A última hora de la noche, según los datos ofrecidos por el Cabildo, eran ya más de 2.500 personas las que habían tenido que ser evacuadas de sus casas: 1800 vecinos de El Charco, Las Indias,Los Quemados y Los Canarios, y 700 de Tacande, San Nicolás y Jedey) repartidos por el polideportivo de Fuencaliente, hoteles cercanos, albergues y casas de familiares.

Las cuadrillas a pie han trabajado a contrarreloj durante toda la noche para intentar luchar contra las llamas, una vez que a partir de las nueve de la noche los ocho equipos aéreos que trabajan para extinguir el incendio hayan dejado de actuar.

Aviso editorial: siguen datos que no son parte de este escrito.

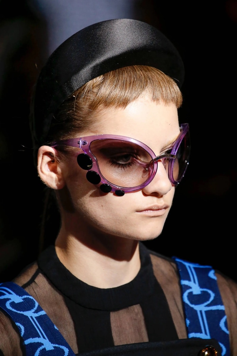 The side view of the Prada spring 2019 sunglasses show just how covetable a pair of strange glasses can be. They can sweep you off your feet–control you; hide you; really set the stage for everything else you wear. It can become a game of power, in which case, sometimes it’s okay to let the sunglasses wear you. Sunglasses might just be the only piece in one’s closet in which that very concept is actually not only okay; but totally warranted, or maybe even desired. It all depends on who you want to be.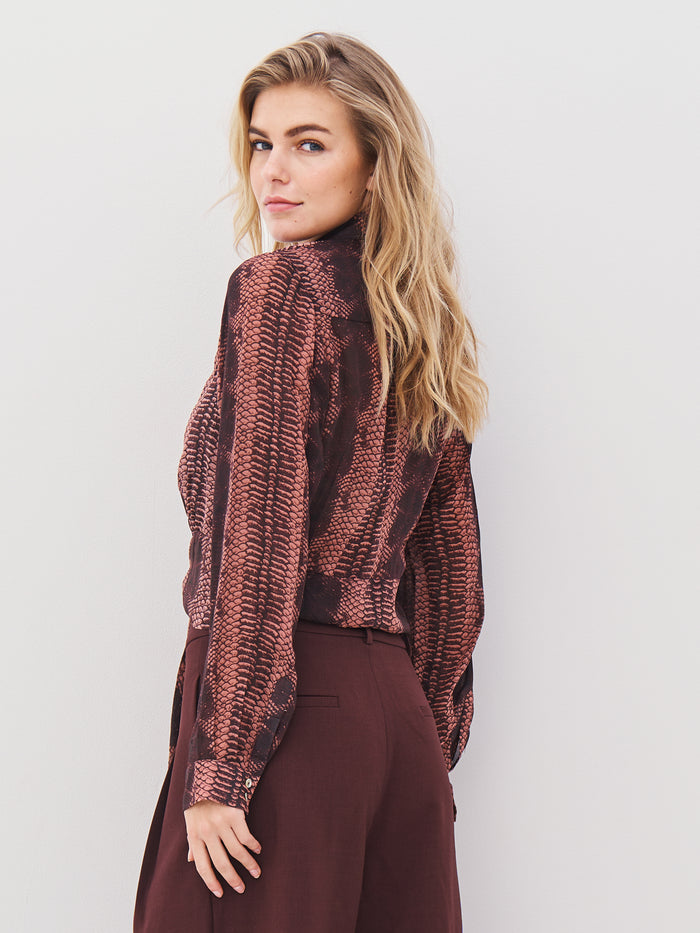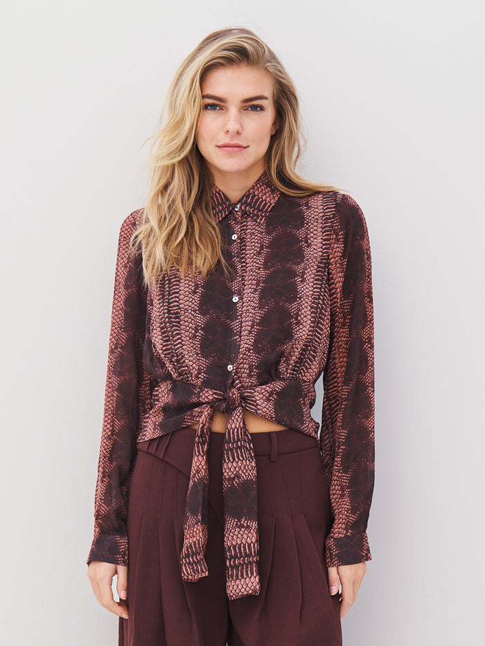 Skil dig ud med denne skjorte, der kombinerer et iøjnefaldende slangeprint med en feminin silhuet. Skjorten har lange ærmer med manchet og klassisk krave, mens fronten bindes med et bredt knytbånd, som skaber en markeret talje og et moderne twist. Den lette kvalitet og cropped længde gør den perfekt til både hverdag og aften.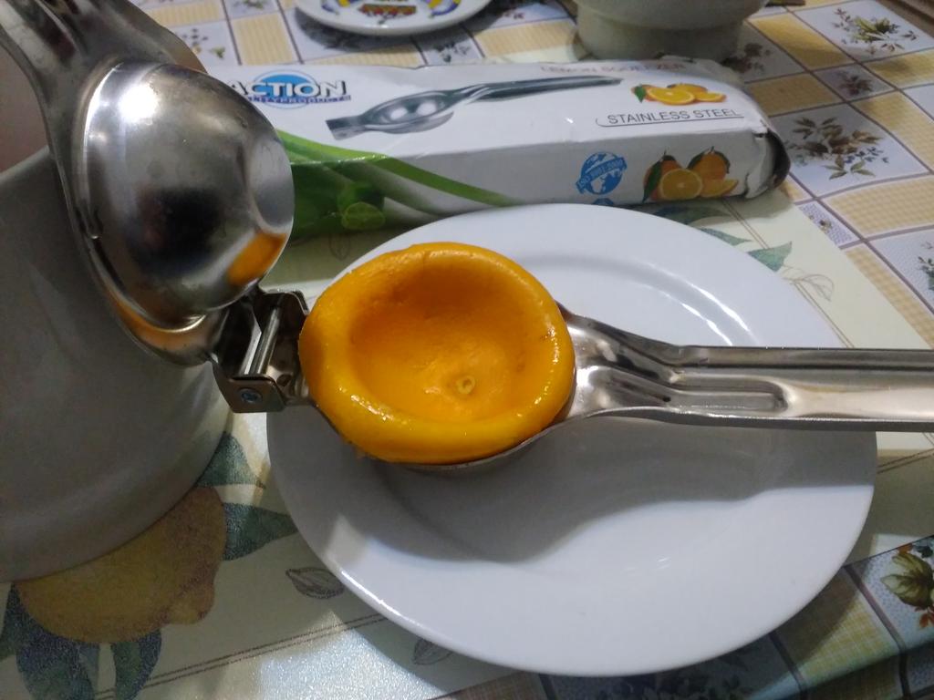 Грубая штамповка из тонкого железа. Как пресс для отжима сока лимона и тем более апельсина не годится из-за слишком малого размера чаши (5см). На фото небольшой лимон d=5,5см, из пол-лимона получил чайную ложку сока. Своих денег не стоит, к покупке не советую!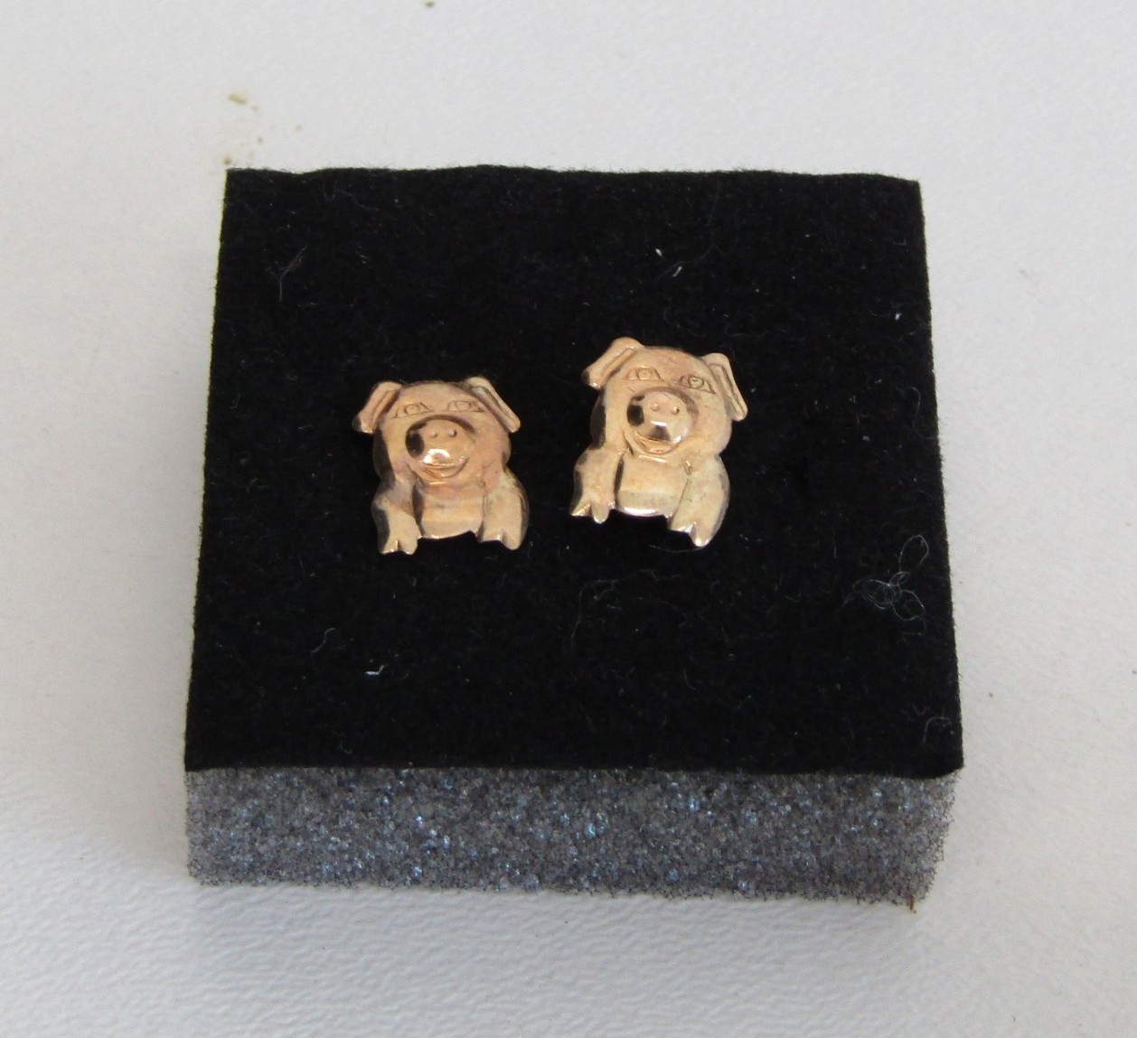 A pair of 9ct gold pig stud earrings, 0.4g.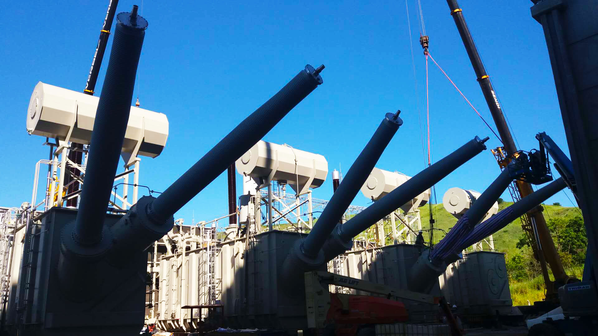 西電西變幾批赴巴西的技術服務人員在公司各方的高度重視和積極配合下,歷經近10個月戰高溫斗酷暑,在安裝現場與外方施工人員的密切配合下,目前已經按進度要求完成了13臺±800kV高端換流變壓器的安裝任務。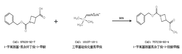 1.通过1-苄氧羰基-氮杂环丁烷-3-甲酸和三甲基硅烷化重氮甲烷合成1-苄氧基羰基氮杂丁烷-3-羧酸甲酯,收率约98%;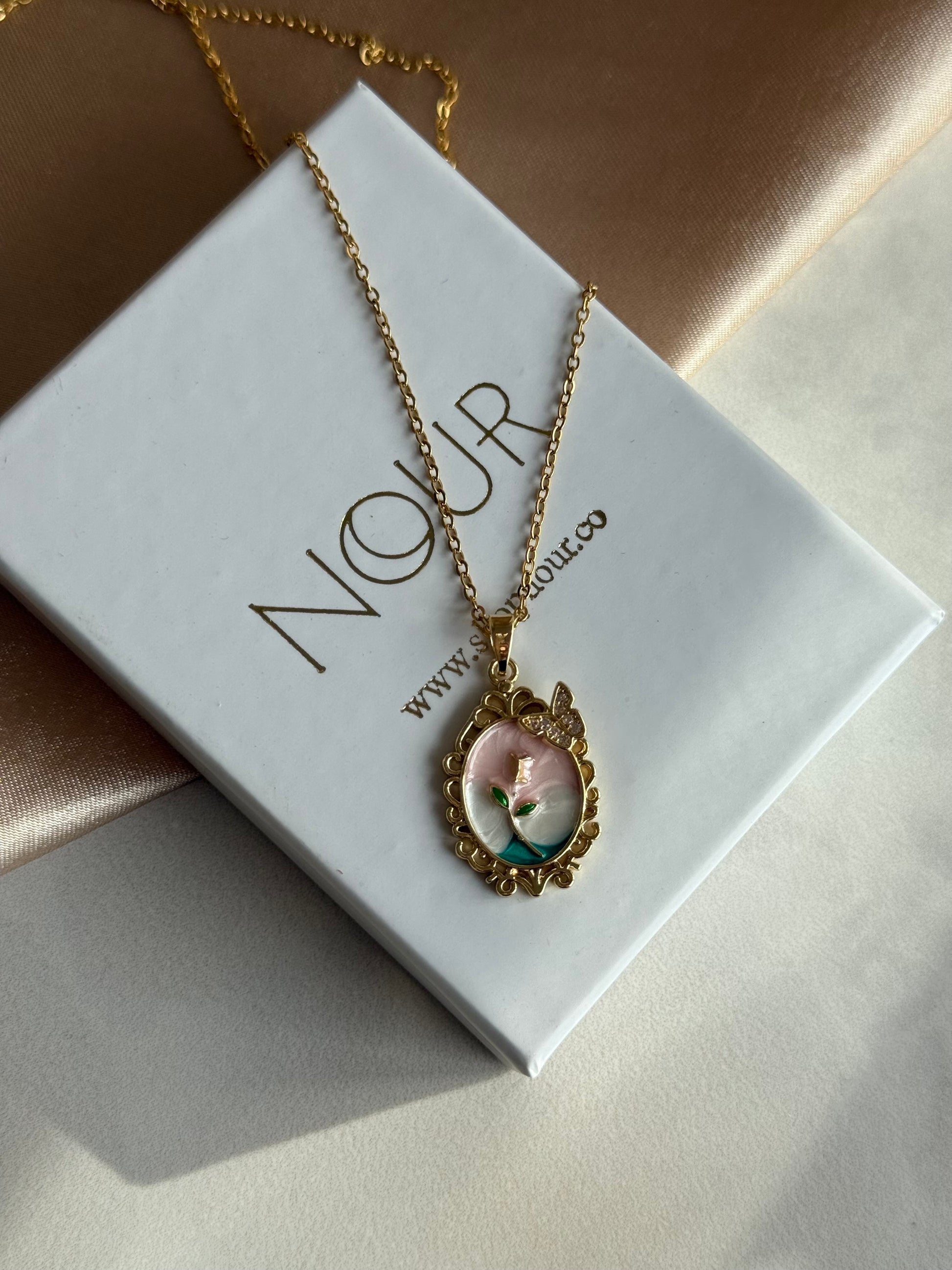 Zincir çeliktir, kolye uçları altın kaplamadır.

Desde el cabildo de La Palma y la alcaldía de El Paso son conscientes de que será “difícil” apagar el fuego, algo que hace pensar que lo peor podría estar por llegar, ya que las altas temperaturas de estos días y los continuos cambios de viento y su intensidad no ayudan. 

Con los datos de hectáreas actuales, este incendio en La Palma se convierte ya en el séptimo peor que ha tenido lugar en las Islas Canarias en este siglo. Hace cuatro años, en julio de 2012, una colilla mal apagado dejó más de 6.500 hectáreas quemadas en Adeje, en la isla de Tenerife.